Comment by ilamont

Comment by ilamont 2 hours ago

5 replies

There’s an analog analogue: mixing and mastering audio recordings for the devices of the era.

I first heard about this when reading an article or book about Jimi Hendrix making choices based on what the output sounded like on AM radio. Contrast that with the contemporary recordings of The Beatles, in which George Martin was oriented toward what sounded best in the studio and home hi-fi (which was pretty amazing if you could afford decent German and Japanese components).

Even today, after digital transfers and remasters and high-end speakers and headphones, Hendrix’s late 60s studio recordings don’t hold a candle anything the Beatles did from Revolver on.

chiph 18 minutes ago

And now we have the Loudness War where the songs are so highly compressed that there is no dynamic range. Because of this, I have to reduce the volume so it isn't painful to listen to. And this makes what should have been a live recording with interesting sound into background noise. Example:

https://www.youtube.com/watch?v=3Gmex_4hreQ

If you want a recent-ish album to listen to that has good sound, try Daft Punk's Random Access Memories (which won the Best Engineered Album Grammy award in 2014). Or anything engineered by Alan Parsons (he's in this list many times)

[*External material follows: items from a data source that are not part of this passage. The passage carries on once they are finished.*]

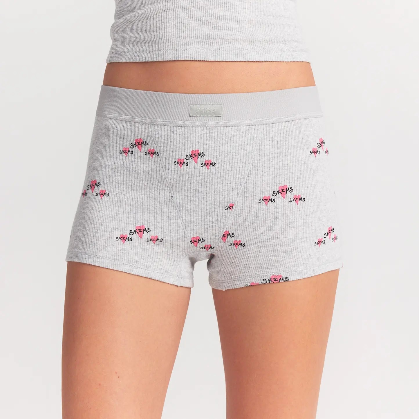 SKIMS COTTON RIB TANK AND SHORT SET | LIGHT HEATHER GREY TRIPLE HEARTS
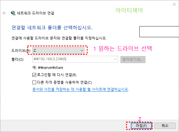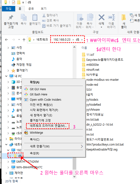 1) 탐색기에서 \\192.168.0.2\c$ 이와같이 원하는 컴퓨터의 IP와 드라이브를 주소창에 친다.
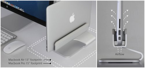 Pionowa podstawka mTower zajmuje około jedną trzecią miejsca jakiego potrzebuje sam laptop, a dodatkowo działa jak gigantyczny radiator, pozwalając na wydajniejsze rozproszenie ciepła emitowanego przez MacBooka.
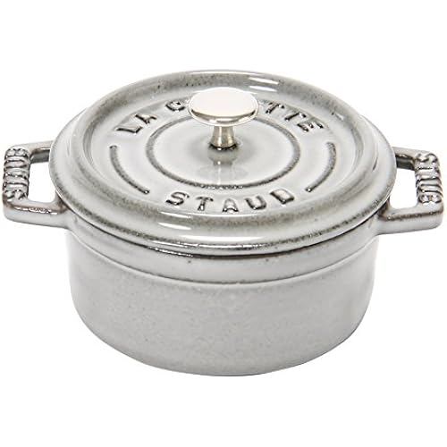 Staub pot picot cocotte round 10cm graphite gray 1101018/40500-106-0 two-hand enameled Rund Brater picotte stylish...
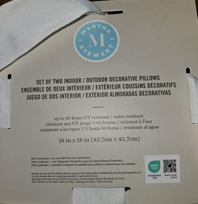 Bring comfort to your outdoor living spaces with the Martha Stewart Modern Banana Leaves indoor/outdoor decorative pillow 2-pack set. Printed with a modern tropical design, these pillows will add comfort and style to your outdoor décor. Use these decorative throw pillows indoors or outdoors, as they’re made with UV-fade and water-resistant materials and are soft for everyday use. This indoor/outdoor decorative pillow set includes two filled throw pillows made of 100% Polyester, making them easy to clean. Simply spot clean or handwash as needed for continued use in your home. Standard 100 by OEKO-TEX Certified.
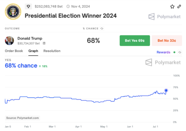 بر اساس داده های پلی مارکت، سفته بازان در پلی مارکت بازار پیش بینی مبتنی بر اتریوم نیز به سرعت شرط بندی کردند، با توجه به داده های پلی مارکت، با احتمال پیروزی ترامپ در انتخابات آتی از 60 درصد به 68 درصد بلافاصله پس از اقدام به ترور.
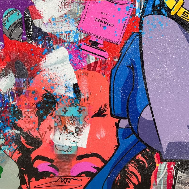 "Batman" is a unique mixed media acrylic embellished with glitter dust on gallery wrapped canvas by Jozza. Hand Signed by the artist and titled in verso, the piece comes with a letter of authenticity. Measures approximately 40" x 48" (image).
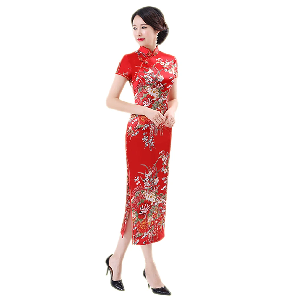 Женское платье Чонсам в китайском стиле с цветочным принтом, стоячим воротником, коротким рукавом, разрезом, вышивкой, тонкое облегающее платье
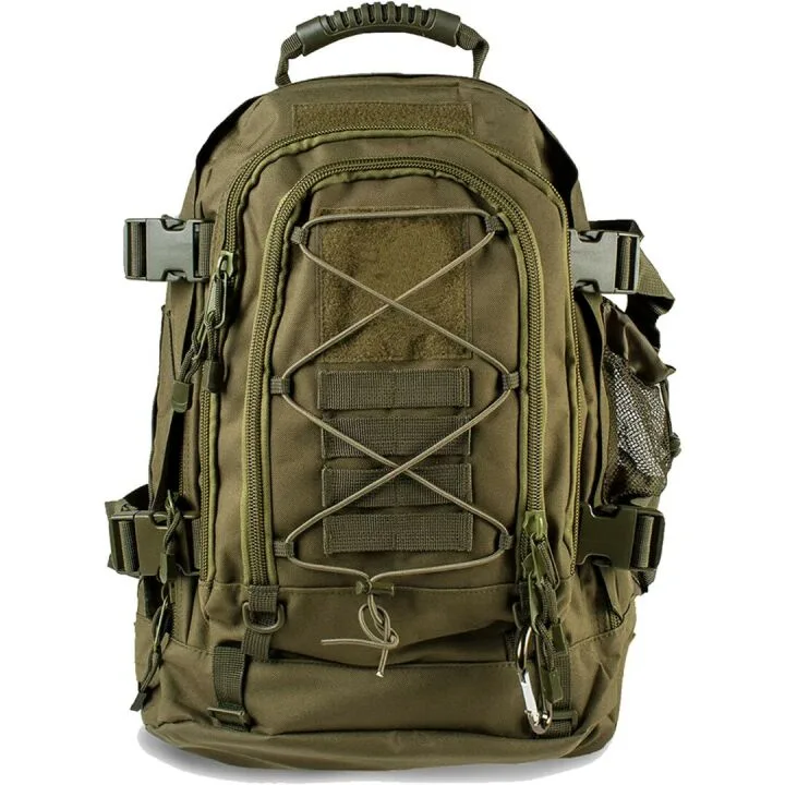 Show moreThe Military Backpack with Multiple Compartments and Large Capacity is a versatile and reliable companion for a variety of activities. With a regular size of 14.5 x 21 x 8 inches, it can expand to 14.5 x 21 x 13 inches, increasing its capacity from 39L to a spacious 64L. This makes it perfect for those who need a little extra room for their belongings. The backpack is constructed from durable 600D material, which is water-resistant, ensuring that your items remain dry even in adverse weather conditions. This backpack is equipped with multiple compartments including a mesh pocket for a water bottle, making organization effortless.
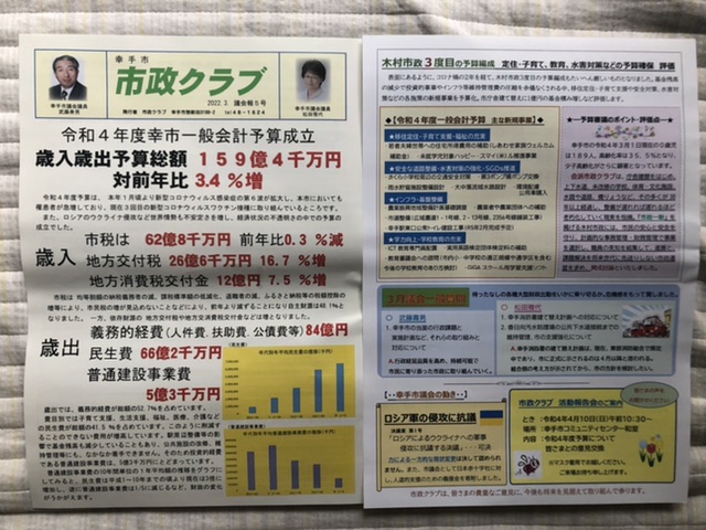 の新聞折込みに会派「市政クラブ」の議会活動報告が

https://en.wikipedia.org/wiki/Grammy_Award_for_Best_Engineer...

  • a4isms 4 minutes ago

    I was obsessed with Tales of Mystery & Imagination, I Robot, and Pyramids in the 70s. I also loved Rush, ELP, Genesis, and ELO, but while Alan Parsons' albums wesn't better in an absolute musical sense, his production values were so obviously in a class of their own I still put Parsons in the same bucket as people like Trevor Horn and Quincy Jones, people who created masterpieces of record album engineering and production.

nunez 18 minutes ago

I've noticed this with lots of jazz from the 50s and 60s. Sounds amazing in mono but "lacking" in stereo.

petralithic 9 minutes ago

The same with movie sound mixing, where directors like Nolan are infamous for muffling dialogue in home setups because he wants the sound mixed for large, IMAX scale theater setups.

thaumasiotes an hour ago

> There’s an analog analogue: mixing and mastering audio recordings for the devices of the era.

In the modern day, this has one extremely noticeable effect: audio releases used to assume that you were going to play your music on a big, expensive stereo system, and they tried to create the illusion of the different members of the band standing in different places.

But today you listen to music on headphones, and it's very weird to have, for example, the bassline playing in one ear while the rest of the music plays in your other ear.